**Exercise data:**
┄┄┄┄┄┄┄┄┄┄┄┄┄┄┄┄┄┄┄┄
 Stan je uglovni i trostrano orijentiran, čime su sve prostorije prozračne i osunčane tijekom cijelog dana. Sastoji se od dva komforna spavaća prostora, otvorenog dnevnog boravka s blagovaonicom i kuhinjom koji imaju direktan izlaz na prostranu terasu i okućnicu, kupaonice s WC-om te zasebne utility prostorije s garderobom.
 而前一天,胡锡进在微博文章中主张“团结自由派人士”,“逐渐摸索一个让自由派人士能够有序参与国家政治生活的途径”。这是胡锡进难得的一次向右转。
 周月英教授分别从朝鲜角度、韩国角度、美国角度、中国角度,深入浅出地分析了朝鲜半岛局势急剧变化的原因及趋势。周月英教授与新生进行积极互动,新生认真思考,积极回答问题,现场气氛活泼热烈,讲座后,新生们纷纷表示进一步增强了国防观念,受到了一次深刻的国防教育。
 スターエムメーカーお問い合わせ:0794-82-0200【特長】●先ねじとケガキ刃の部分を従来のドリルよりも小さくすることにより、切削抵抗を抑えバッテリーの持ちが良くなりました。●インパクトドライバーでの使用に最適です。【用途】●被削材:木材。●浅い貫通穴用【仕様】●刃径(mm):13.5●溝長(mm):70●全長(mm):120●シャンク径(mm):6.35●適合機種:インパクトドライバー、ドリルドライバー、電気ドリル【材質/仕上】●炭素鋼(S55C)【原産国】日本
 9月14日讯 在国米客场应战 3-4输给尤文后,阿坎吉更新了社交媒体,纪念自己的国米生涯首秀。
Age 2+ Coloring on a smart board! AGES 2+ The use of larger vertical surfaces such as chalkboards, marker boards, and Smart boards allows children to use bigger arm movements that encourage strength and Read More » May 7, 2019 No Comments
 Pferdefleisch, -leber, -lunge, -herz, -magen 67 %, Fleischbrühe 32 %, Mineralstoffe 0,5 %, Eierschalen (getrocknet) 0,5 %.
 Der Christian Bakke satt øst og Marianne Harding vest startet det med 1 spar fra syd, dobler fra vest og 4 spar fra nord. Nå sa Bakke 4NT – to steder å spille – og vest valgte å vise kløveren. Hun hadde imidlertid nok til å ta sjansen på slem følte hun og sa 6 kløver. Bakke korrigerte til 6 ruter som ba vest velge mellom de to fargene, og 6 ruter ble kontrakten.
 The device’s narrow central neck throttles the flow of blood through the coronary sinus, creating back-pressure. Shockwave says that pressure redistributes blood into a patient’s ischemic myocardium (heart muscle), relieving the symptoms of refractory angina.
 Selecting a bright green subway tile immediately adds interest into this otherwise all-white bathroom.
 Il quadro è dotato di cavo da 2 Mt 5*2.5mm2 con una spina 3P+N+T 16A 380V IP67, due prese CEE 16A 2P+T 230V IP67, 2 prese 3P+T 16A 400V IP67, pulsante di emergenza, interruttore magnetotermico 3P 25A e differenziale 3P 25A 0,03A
┄┄┄┄┄┄┄┄┄┄┄┄┄┄┄┄┄┄┄┄
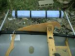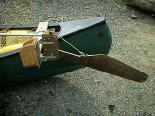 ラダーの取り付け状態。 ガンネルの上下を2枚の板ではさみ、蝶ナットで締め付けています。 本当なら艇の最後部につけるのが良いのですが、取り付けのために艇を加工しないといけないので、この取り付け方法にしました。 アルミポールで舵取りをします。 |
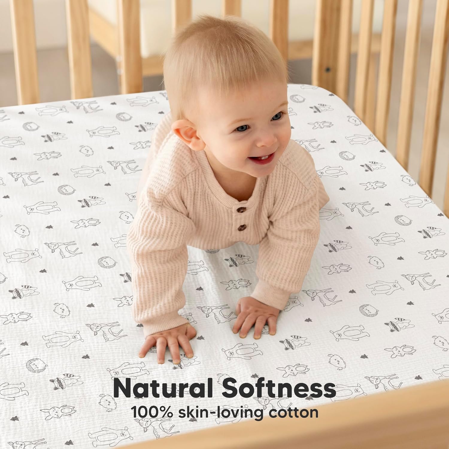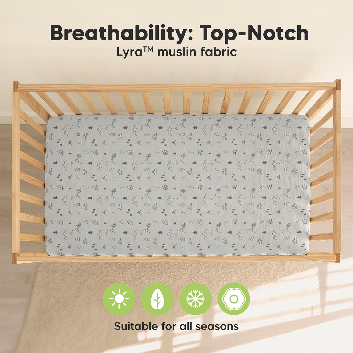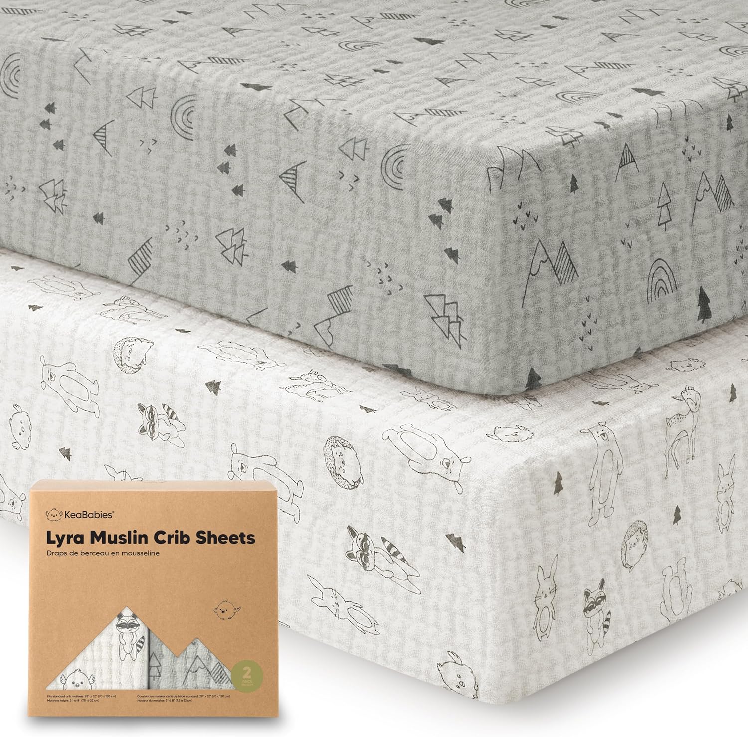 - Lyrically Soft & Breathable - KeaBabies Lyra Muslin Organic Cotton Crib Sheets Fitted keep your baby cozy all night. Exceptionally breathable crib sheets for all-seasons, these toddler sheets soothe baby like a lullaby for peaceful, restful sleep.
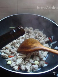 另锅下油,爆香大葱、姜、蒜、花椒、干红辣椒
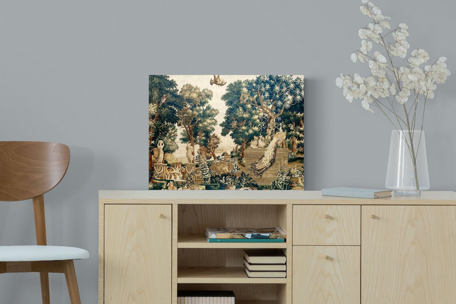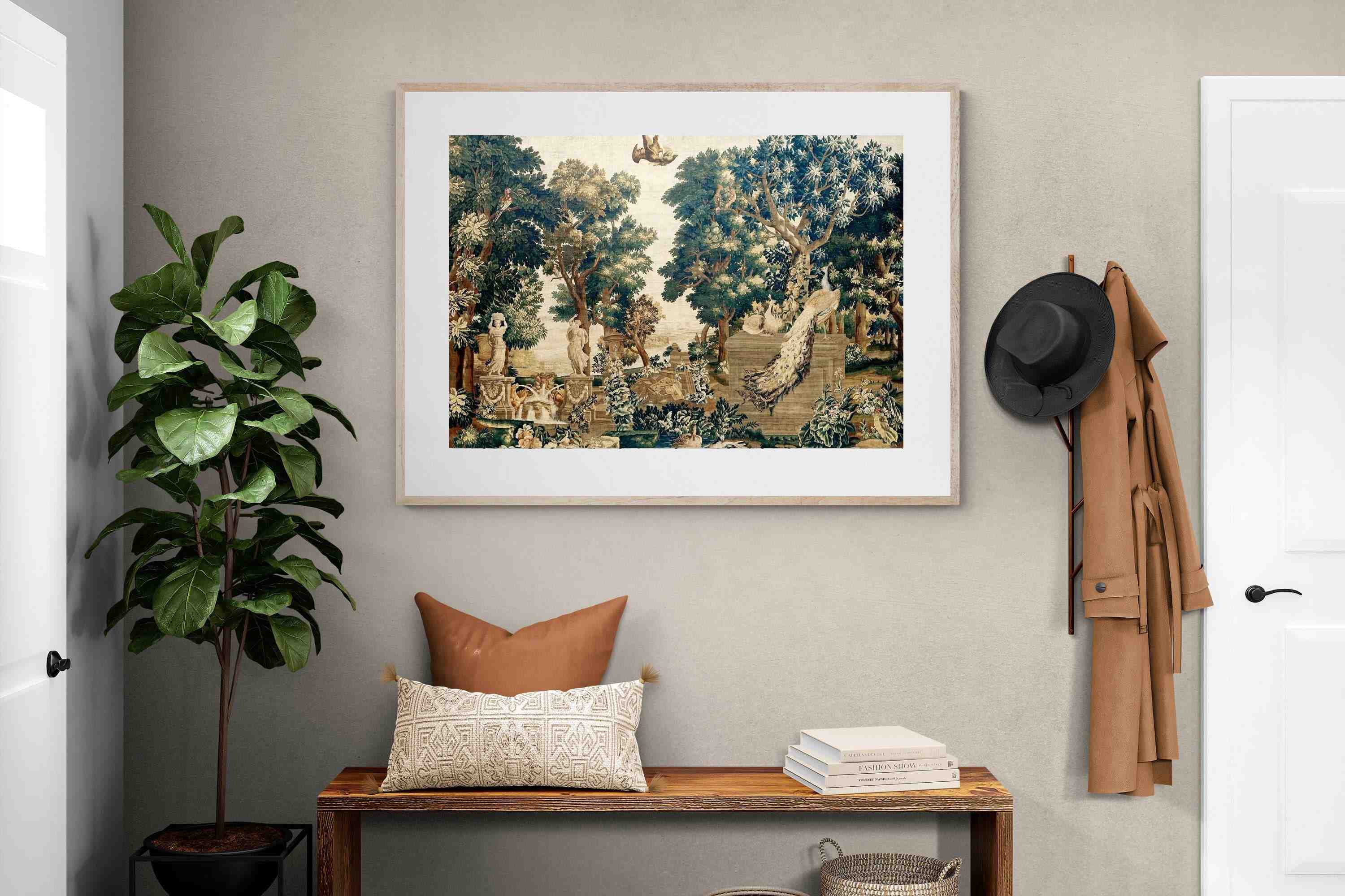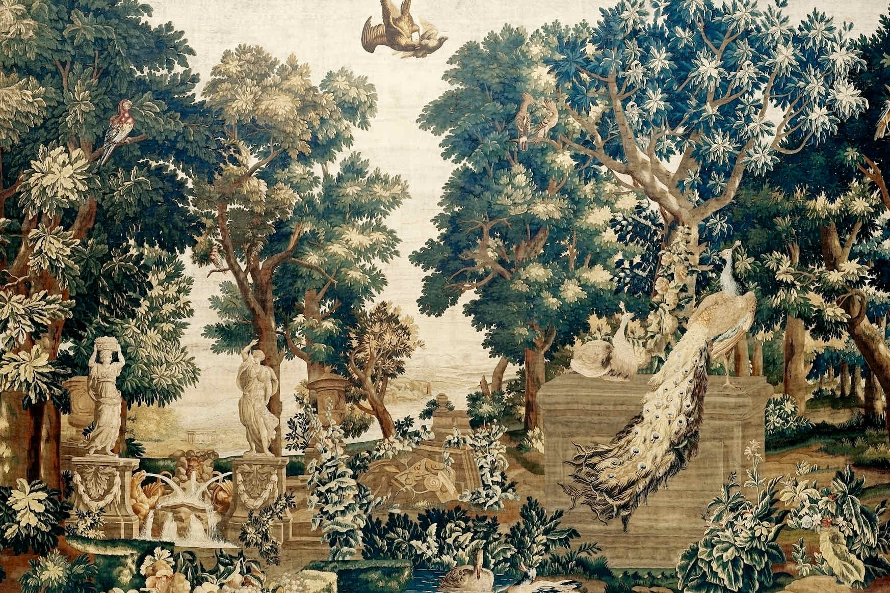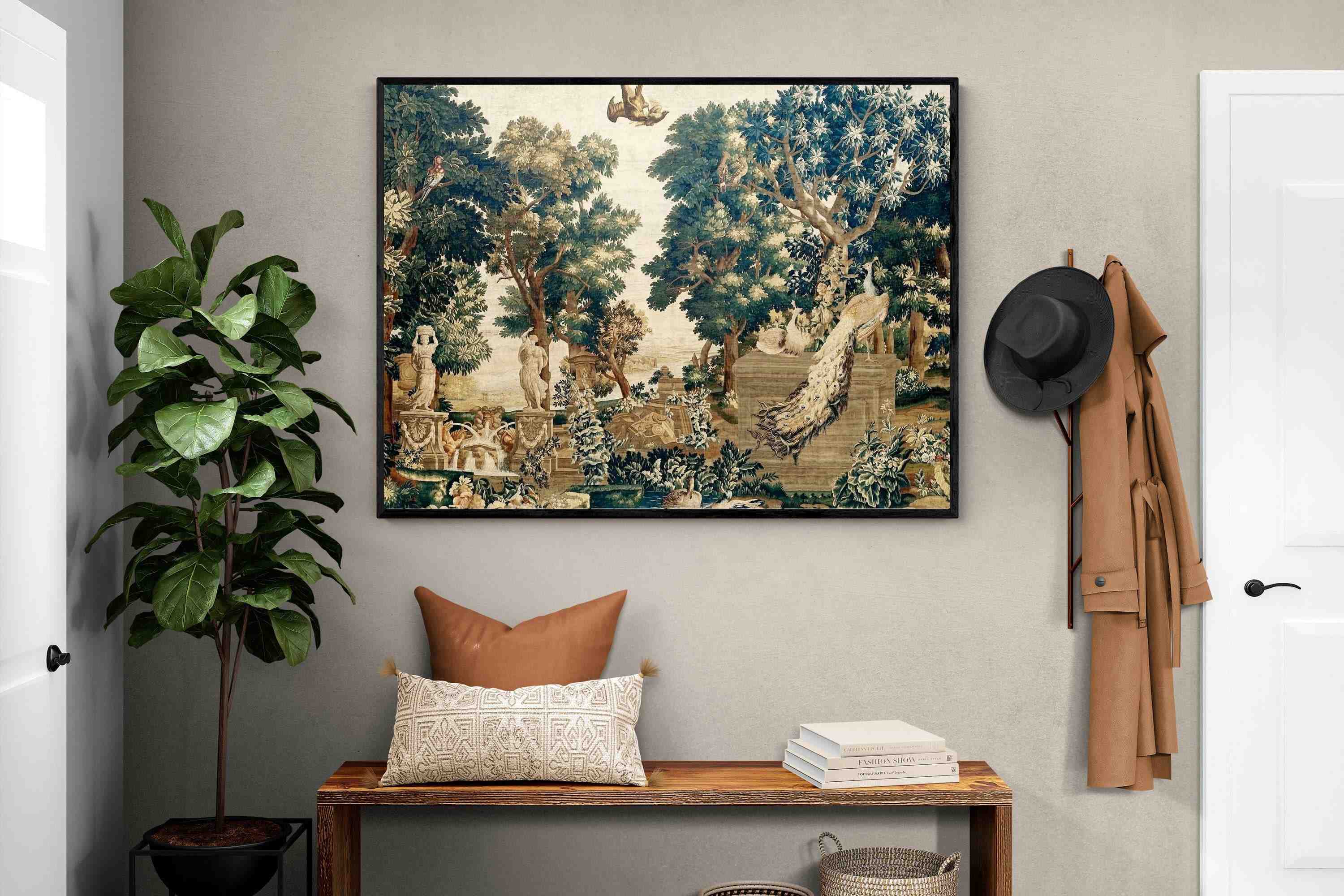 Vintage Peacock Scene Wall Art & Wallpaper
┄┄┄┄┄┄┄┄┄┄┄┄┄┄┄┄┄┄┄┄
**Directions for this task:** Repeat, exactly as they stand above, the lines from the line with "周月英教授分别从朝鲜角度、韩" to the line with "Il quadro è", both lines included.

**Written reply:**
 周月英教授分别从朝鲜角度、韩国角度、美国角度、中国角度,深入浅出地分析了朝鲜半岛局势急剧变化的原因及趋势。周月英教授与新生进行积极互动,新生认真思考,积极回答问题,现场气氛活泼热烈,讲座后,新生们纷纷表示进一步增强了国防观念,受到了一次深刻的国防教育。
 スターエムメーカーお問い合わせ:0794-82-0200【特長】●先ねじとケガキ刃の部分を従来のドリルよりも小さくすることにより、切削抵抗を抑えバッテリーの持ちが良くなりました。●インパクトドライバーでの使用に最適です。【用途】●被削材:木材。●浅い貫通穴用【仕様】●刃径(mm):13.5●溝長(mm):70●全長(mm):120●シャンク径(mm):6.35●適合機種:インパクトドライバー、ドリルドライバー、電気ドリル【材質/仕上】●炭素鋼(S55C)【原産国】日本
 9月14日讯 在国米客场应战 3-4输给尤文后,阿坎吉更新了社交媒体,纪念自己的国米生涯首秀。
Age 2+ Coloring on a smart board! AGES 2+ The use of larger vertical surfaces such as chalkboards, marker boards, and Smart boards allows children to use bigger arm movements that encourage strength and Read More » May 7, 2019 No Comments
 Pferdefleisch, -leber, -lunge, -herz, -magen 67 %, Fleischbrühe 32 %, Mineralstoffe 0,5 %, Eierschalen (getrocknet) 0,5 %.
 Der Christian Bakke satt øst og Marianne Harding vest startet det med 1 spar fra syd, dobler fra vest og 4 spar fra nord. Nå sa Bakke 4NT – to steder å spille – og vest valgte å vise kløveren. Hun hadde imidlertid nok til å ta sjansen på slem følte hun og sa 6 kløver. Bakke korrigerte til 6 ruter som ba vest velge mellom de to fargene, og 6 ruter ble kontrakten.
 The device’s narrow central neck throttles the flow of blood through the coronary sinus, creating back-pressure. Shockwave says that pressure redistributes blood into a patient’s ischemic myocardium (heart muscle), relieving the symptoms of refractory angina.
 Selecting a bright green subway tile immediately adds interest into this otherwise all-white bathroom.
 Il quadro è dotato di cavo da 2 Mt 5*2.5mm2 con una spina 3P+N+T 16A 380V IP67, due prese CEE 16A 2P+T 230V IP67, 2 prese 3P+T 16A 400V IP67, pulsante di emergenza, interruttore magnetotermico 3P 25A e differenziale 3P 25A 0,03A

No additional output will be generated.